Vendredi 13 : retour sur les origines tragiques de cette superstition en France

Le vendredi 13 évoque souvent des superstitions liées aux chats noirs et aux échelles. Toutefois, cette date porte un poids historique bien plus lourd. En France, elle est liée à un événement tragique survenu en 1307, marquant un tournant dans le rapport entre le pouvoir royal et l’Ordre du Temple.

EN BREF

  • La superstition du vendredi 13 trouve ses racines dans un événement historique tragique.
  • En 1307, le roi Philippe le Bel ordonne l’arrestation des Templiers en France.
  • Cette date est associée à des traditions et récits qui perdurent dans la culture française.

Chaque année, les vendredis 13 reviennent, apportant avec eux une aura de malchance, tant redoutée par certains et célébrée par d’autres. En réalité, ces dates résonnent comme un écho lointain d’une journée cauchemardesque du 13 octobre 1307, où l’Ordre du Temple a été frappé par la répression royale.

La superstition entourant le chiffre 13 est souvent attribuée à des croyances bibliques, où Judas, le traître, est considéré comme le treizième convive lors de la Cène. Cette interprétation ne suffit pas à expliquer pourquoi, en France, le vendredi 13 est chargé d’une telle connotation négative. Les événements tragiques du passé en sont la cause principale.

Le matin du vendredi 13 octobre 1307, Philippe le Bel a ordonné l’arrestation simultanée de tous les membres de l’Ordre du Temple sur le territoire français. Cette opération, conçue dans le secret par Guillaume de Nogaret, a conduit à l’arrestation de milliers de Templiers, allant du simple moine au grand maître. Officiellement, le roi justifie cette action par la nécessité de lutter contre l’hérésie et d’autres crimes présumés, mais la réalité est tout autre : le roi cherchait à se libérer de ses dettes envers cet ordre, considéré comme une banque internationale à l’époque.
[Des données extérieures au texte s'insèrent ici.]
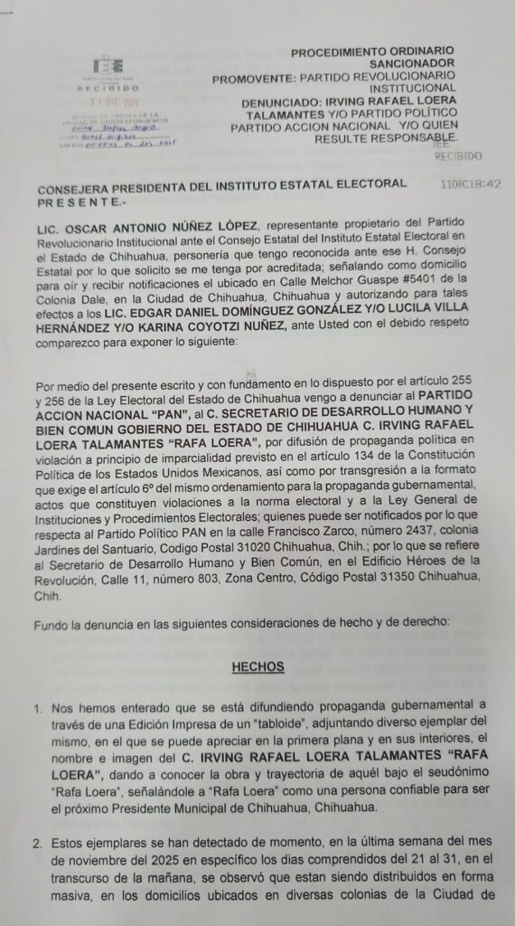 EL PRI DENUNCIA A RAFA LOERA DEL PAN. . . El Partido Revolucionario Institucional (PRI) en Chihuahua presentó una denuncia formal ante el Instituto Estatal Electoral (IEE) contra Rafael Loera Talamantes, actual secretario de Desarrollo Humano y Bien Común del Gobierno estatal. La queja se centra en la supuesta promoción anticipada de su imagen personal mediante propaganda política y el presunto uso de recursos públicos, acciones que, según el PRI, rompen con la equidad y legalidad exigidas en los procesos electorales. . .

Les prisonniers sont alors soumis à des interrogatoires musclés, souvent accompagnés de torture, pour obtenir des aveux. À Paris, environ 140 frères sont incarcérés, et 54 d’entre eux finissent sur le bûcher. Quelques années plus tard, le pape Clément V, sous la pression des événements, officialise la dissolution de l’ordre au concile de Vienne en 1312.

Le grand maître Jacques de Molay, capturé, est exécuté en 1314. Avant de mourir, il aurait maudit le roi et le pape, une légende qui alimente encore aujourd’hui les récits autour du vendredi 13. Cet événement tragique a profondément marqué l’imaginaire collectif français, transformant une simple date en un symbole de malchance.

Cette histoire a été popularisée au fil des siècles, notamment par des œuvres littéraires comme « Les Rois maudits » de Maurice Druon, qui évoquent les intrigues et les trahisons de cette époque. De nos jours, la culture populaire, à travers des séries comme « Game of Thrones », continue de s’inspirer de ces récits de pouvoir et de destin tragique.

Les superstitions autour du vendredi 13, bien que souvent considérées avec humour, portent en elles les échos d’une histoire complexe et tragique. Dans d’autres cultures, ce sont d’autres jours qui provoquent l’angoisse, mais en France, le mélange de mystère et de tragédie fait du vendredi 13 une date à part, marquée par un héritage historique qui continue de fasciner et d’inquiéter.

Ainsi, le vendredi 13 ne se limite pas aux simples croyances populaires, il incarne aussi la mémoire d’un événement qui a laissé une empreinte indélébile dans l’histoire de France.